Eventually I got to http://sourceware.org/bugzilla/show_bug.cgi?id=5486 which boils down to exactly the same thing I'm asking now: please document this glibc-only behavior.
Comment 9 Samuel Thibault 2010-07-22 09:15:19 UTC
Also, it looks very odd that the user has to define the union himself. Shouldn't that be defined in langinfo.h? (I'd consider that that alone would be enough for some minimal documentation).

Comment 10 Andreas Schwab 2010-07-22 12:11:03 UTC
The names starting with _NL are all internal to glibc.  All supported properties
are strings.
Comment 11 Samuel Thibault 2010-07-22 12:16:37 UTC
That should be documented then.  And I'd thus turn this bug into "please provide supported *WEEK* langinfo items", as all calendar applications need these.
Comment 12 Andreas Schwab 2010-07-22 12:21:02 UTC
ISO/IEC 9899:1999

7.1.3 Reserved identifiers

- All identifiers that begin with an underscore and either an uppercase letter or
another underscore are always reserved for any use.
Comment 13 Samuel Thibault 2010-07-22 12:39:29 UTC
Mmm, but there are at least _GNU_SOURCE, _IONBF & such which fall in that area, as well as stdio_ext.h functions...

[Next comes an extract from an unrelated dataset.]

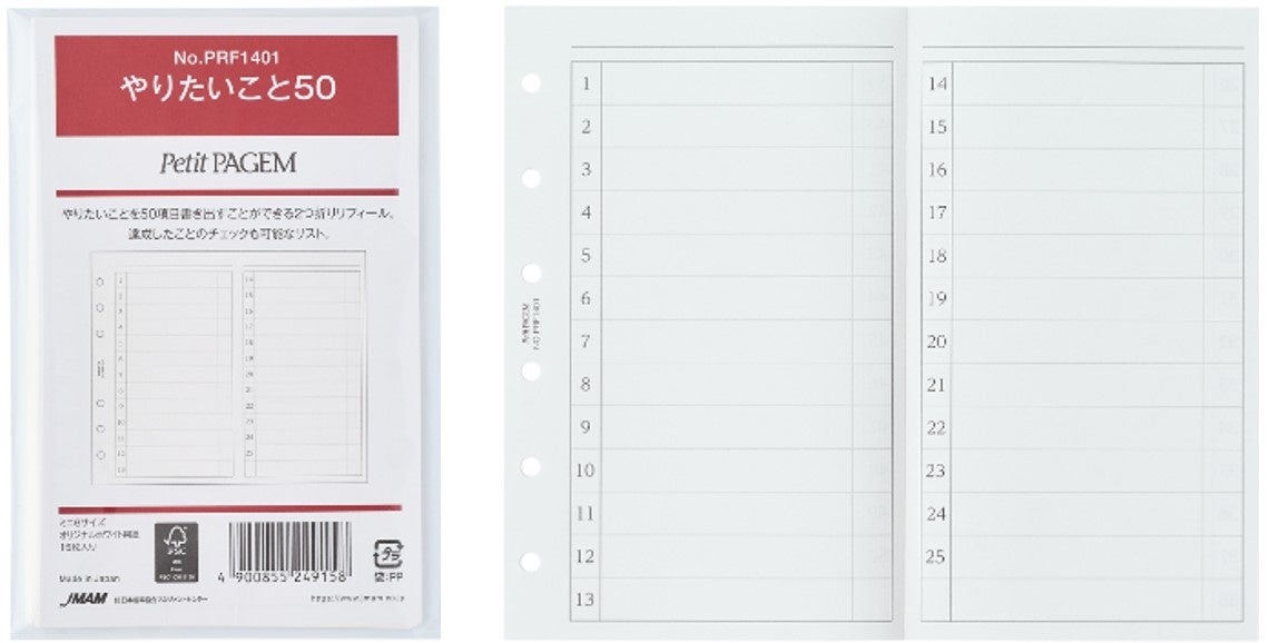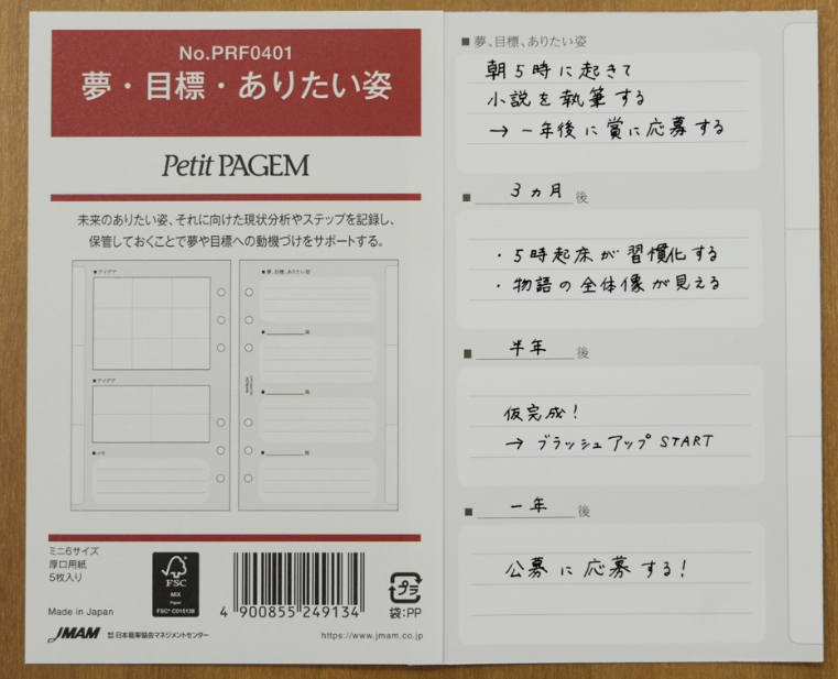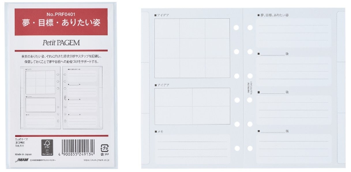 やりたいことや目標を書き出すことができる2つ折りリフィール。
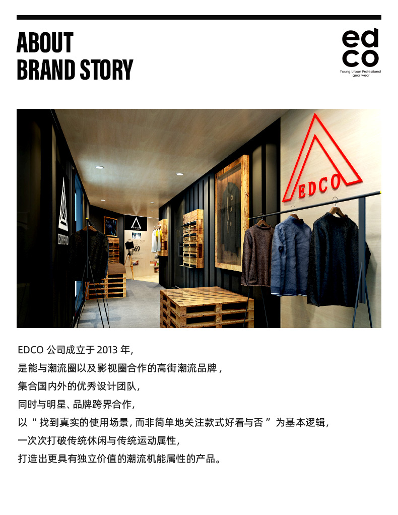 EDCO/艾德克被用户称为“小三角”,是走设计师路线的机能户外潮牌,真正原创设计,并带有户外功能性,是阿里巴巴智慧门店合作品牌,跟郑凯自有品牌DUEPLAY搞过联名,和很多国内新锐设计师也多次合作。尽管在大众人群知名度还不算高,但EDCO用户多为死忠铁粉。

Well, anyway, let's turn the bug into "please support these!":

There are a lot of very useful locale information that langinfo could provide (paper dimension, calendar layout), but discussion within this bug says that they are not supported. Actually, a lot of them are not even used inside glibc (e.g. _NL_PAPER_HEIGHT), so I'm wondering why they are here at all if one can not assume that they are supported.

Please provide supported equivalents to these _NL_* langinfo items so applications can use them.